Calendrier du 17 octobre 2018
Development Economics Seminar
Du 17/10/2018 de 16:30 à 18:00
Salle R2.01, 48 Bd Jourdan 75014 Paris
KREMER Michael (Harvard University)
The Endowment Effect and Collateralized Loans
écrit avec Kevin Carney, Xinyue Lin, and Gautam Rao
This project tests a novel theoretical mechanism for low take-up of collateralized credit. Using a field experiment with a lender in Kenya, we vary whether already-owned assets serve as collateral, or whether instead the new asset being financed by the loan itself serves as collateral, as in mortgages or car loans. The experimental design holds everything except existing ownership of the collateral constant. We find that borrowers display an endowment effect over their existing assets, and thus dislike loans that place existing assets at risk of loss by providing them as collateral.

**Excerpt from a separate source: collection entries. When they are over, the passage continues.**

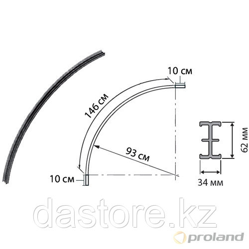 Размеры R: 1500 ; 2300 х 61 х 34,5 mm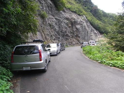 車道に下山。ほとんど駐車場はないが多くの車が停まっている。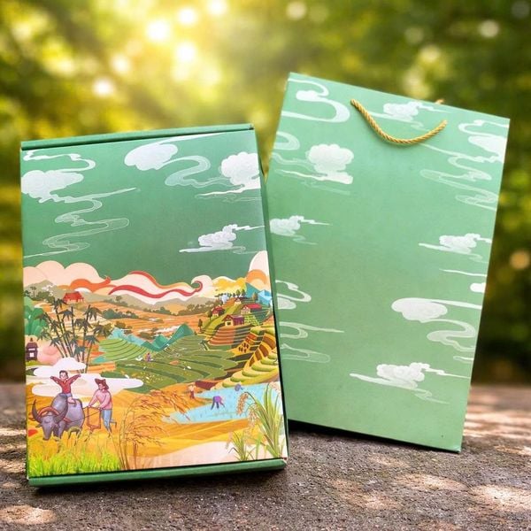 Hộp được làm từ chất liệu giấy cao cấp, ép yên kim tuyến tinh xảo, tạo hiệu ứng ánh sáng lấp lánh, giúp hoa văn nổi bật và bền màu theo thời gian. Mỗi chi tiết đều được thiết kế tỉ mỉ để thể hiện tinh thần quà tặng cao cấp. Kết cấu hộp nắp mở, giúp đóng mở dễ dàng mà vẫn đảm bảo độ chắc chắn, mang lại trải nghiệm sang trọng cho người nhận.
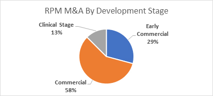 Perhaps one seminal difference in these markets is that technology-driven versus biologically driven investment tends to come in smaller amounts with clearer inflection point criteria. A review of the M&A markets (Figures 3-6) reveals that, unlike the biotech markets, where licensing, partnering, and M&A can happen even in preclinical stages and sometimes at seemingly excessive valuation and outsized rounds, the medtech and health tech markets primarily require revenue traction to demonstrate candidacy for acquisition. RPM is still a smaller piece of the overall medical technology pie, but the M&A markets will usually lag the financing markets and we fully expect further consolidation in the space.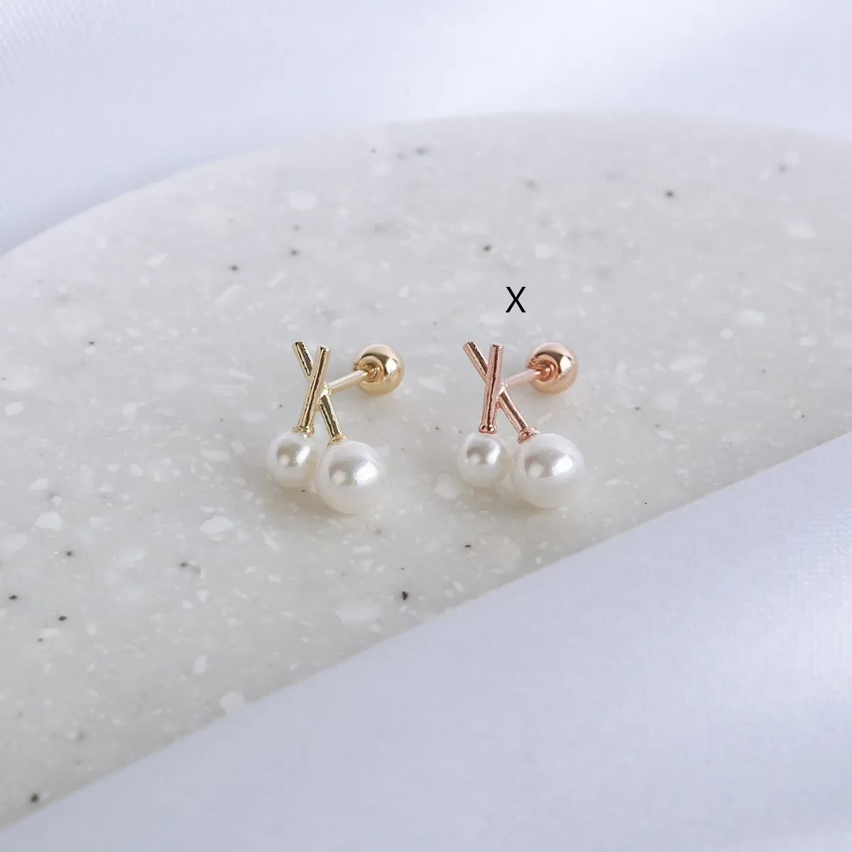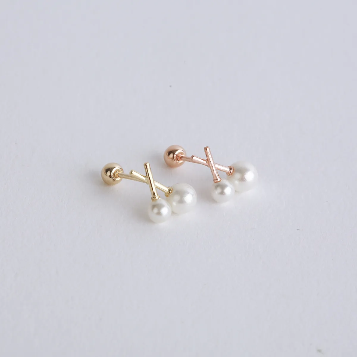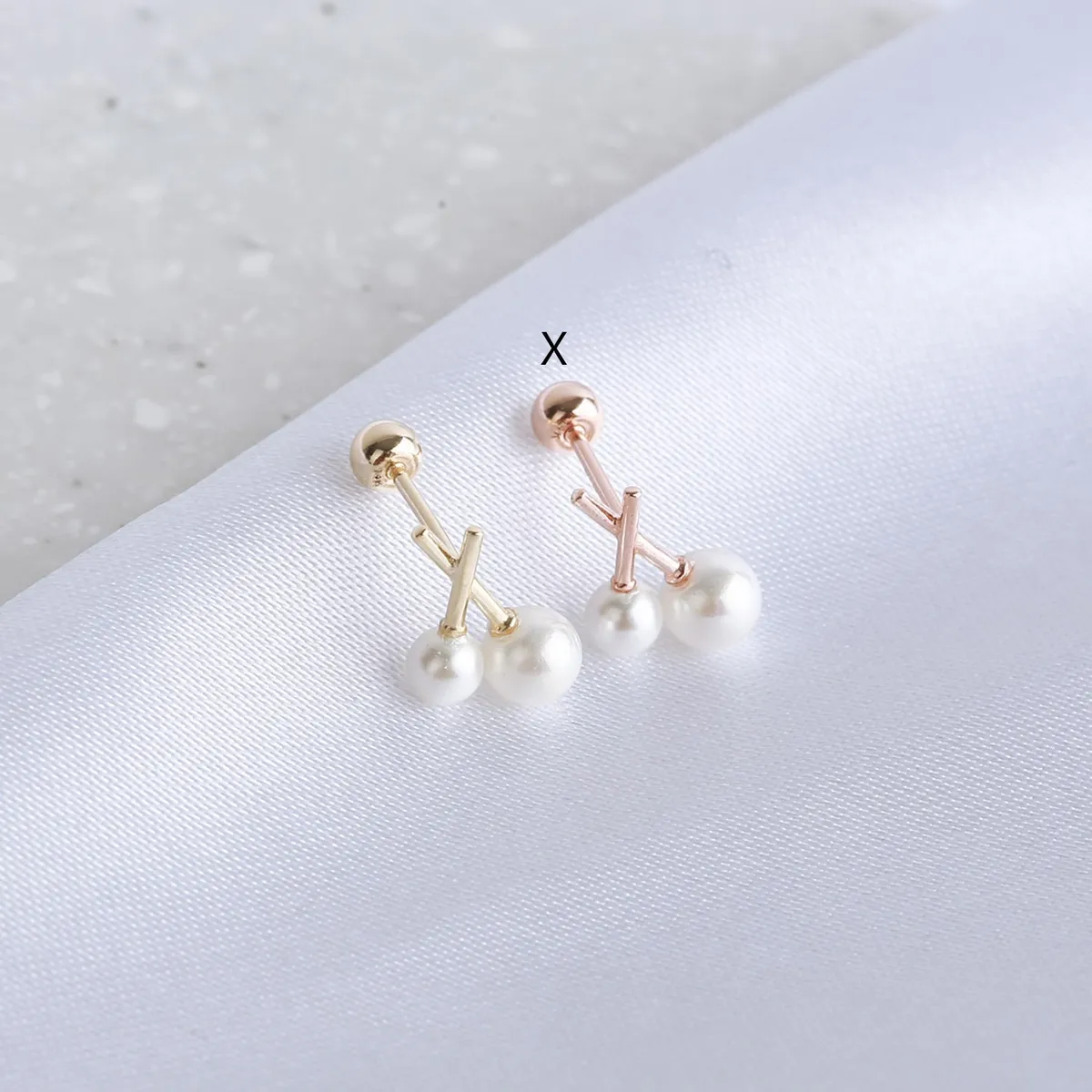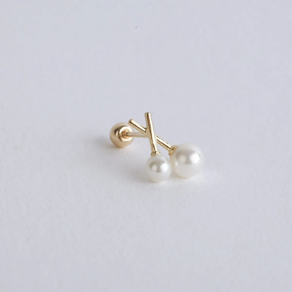 DF296珍珠金條小櫻桃14K金耳環(單支轉珠耳環)

They are willing to pay 8% per month higher interest to instead collateralize using the new asset being financed by the loan itself. We next show that borrowers systematically under-predict their future attachment to new assets. After taking a loan collateralized with a new asset, borrowers become attached to the new asset, and exert similar repayment effort to loans collateralized with existing assets. We develop and estimate a structural model to provide behavioral parameters and to better understand the welfare consequences of such loans.
Economic History Seminar
Du 17/10/2018 de 12:30 à 14:00
Salle R1.13, Campus Jourdan, 48 boulevard Jourdan, 75014 Paris
CHEN Kevin (SIEPR)
Entitlement, Property, and Social Stratification in Agrarian China: A Nineteenth-century. Case from Northeast China
In her recent book, State-Sponsored Inequality: The Banner System and Social Stratification in Northeast China (Stanford University, 2017), Shuang CHEN provides a comprehensive view on how state policies, market forces, and demographic processes interacted with one another to produce inequality under state domination in nineteenth century rural northeast China. The Qing state (1644-1911) settled and classified immigrants there into distinct categories, each associated with different land entitlements. The resulting patterns of wealth stratification and social hierarchy were then simultaneously challenged and reinforced by these settlers and their descendants. Eventually the tension built into the unequal land entitlements shaped the identities of immigrant groups, and this social hierarchy persisted even after the institution of unequal state entitlements was removed. Drawing on the China Multi-Generational Panel Dataset-Shuangcheng (CMGPD-SC), which contains 1,346,826 annual observations of 107,890 individuals living between 1866 and 1913 and 37,187 plot inventories, and a large number of court cases, official correspondence, and memorials, Shuang CHEN shows how government policies and market forces may be responsible for social differentiation and social stratification in general, but the socioeconomic processes of inequality in any given society are closely associated with specific political and social institutions. In a power-based society such as China, such political entitlements constitute one of the most important factors of wealth stratification and social grouping.